Idealistic thinking.

Before COVID, we had the balance billing fiasco.

In the background is massive residency expansion.

Winter is coming, my friend.
 
I have been working at the same site for various CMGs for the last 7 years. im the longest tenured doc here. I have seen many docs quit or let go. I also recently left a physician owed FSED due to a malignant work environment. after my departure I called around looking for other options. like other posters, I noticed a distinct difference in the conversations that i had with recruiters now, as opposed to 7 years ago when I first signed on. It was almost indifference. no sign on bonus, no rate negotiation, no relocation stipend. It was a take it or leave it proposition. drastic change from my pervious experience.

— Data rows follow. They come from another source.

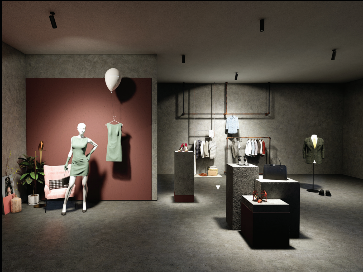
▲▼ Hana Bouitque Hotel / Architect: Persian Garden Studio
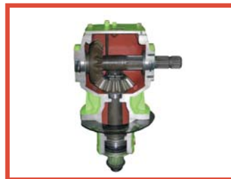
210hp Right Angle Gearboxes Heavy duty 1 3/4" input shafts. 2 3/8" tapered & splined down shafts
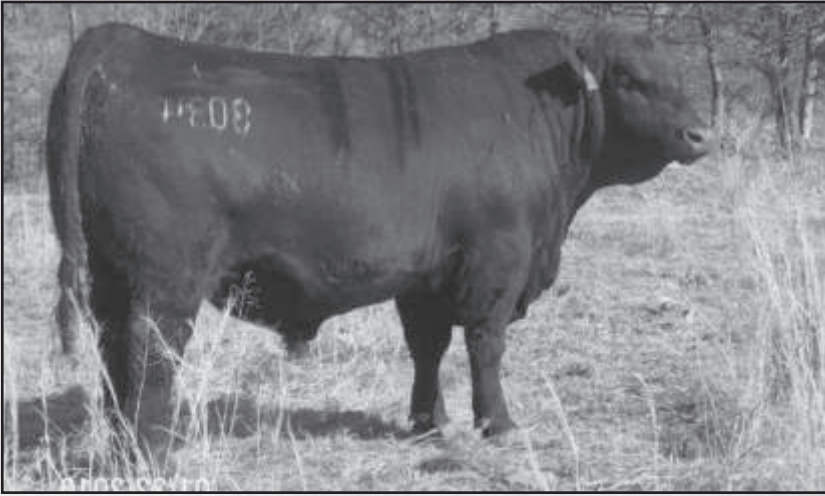
KLR FOREFRONT 8034 - This powerful two-year-old sells as Lot 14.

my biggest gripe has been after doing this for 7 years, is seeing how disposable we are. ive seen good docs let go because they piss off the neurosurgeon, or some admin. My cardiologist could probably throat punch my CEOs mother in the hospital parking lot, and still get a wing named after him. but heaven forbid if we want him to actually lay eyes on a pt that he wants us to send home. The job security, or lack thereof, really opened my eyes to the worst aspect of this specialty. CMGs and physician oversupply just makes us even more disposable.

I just opened aesthetic, hormone and regenerative (stem cell, prp, etc) practice. its my side gig. all cash based. its fun and im pretty damn good it. best thing is i am truly my own boss. I have no debt, so every time I work a shift at the ED, It is becoming more and more tempting to take a pay cut and do this full time and never worry about nights, weekends, and holidays again. but im also scared that if I scaled back my ED ****s to a couple of shifts a month, they may just let me go completely, because so many people are looking for full time.

Moral of the story....i believe in having options. EM in its current state makes it difficult to have options, but if you can find some, you'll be ahead if/when the bottom falls out
 
I just opened aesthetic, hormone and regenerative (stem cell, prp, etc) practice. its my side gig. all cash based. its fun and im pretty damn good it. best thing is i am truly my own boss. I have no debt, so every time I work a shift at the ED, It is becoming more and more tempting to take a pay cut and do this full time and never worry about nights, weekends, and holidays again. but im also scared that if I scaled back my ED ****s to a couple of shifts a month, they may just let me go completely, because so many people are looking for full time.

You've hit on a major problem. Doing a side business and going part-time in EM used to be a great option. In my area part-time isn't even an option anymore. Even before the pandemic, we had stopped giving shifts to all of the part-timers due to being overstaffed. Because we are W2, a part-time employee costs more per hour for the CMG than a full-time employee. At the moment EM is full-time or nothing in most major areas.
 
You want to know how bad the job market is right now?

I'm in NYC and even a couple years ago people could literally get a job at almost every hospital in the city. Right now none of our senior residents can find any full time jobs in the city with the exception of a couple NYC Health Hospitals. These are the same places that are currently paying their physicians 120/hr for 1600/hr per year to work in horribly malignant and dysfunctional emergency departments.
 
You want to know how bad the job market is right now?

I'm in NYC and even a couple years ago people could literally get a job at almost every hospital in the city. Right now none of our senior residents can find any full time jobs in the city with the exception of a couple NYC Health Hospitals. These are the same places that are currently paying their physicians 120/hr for 1600/hr per year to work in horribly malignant and dysfunctional emergency departments.

It's interesting that people still want to work there, given the steep decline in quality of life. My understanding is that Midtown doesn't even exist anymore.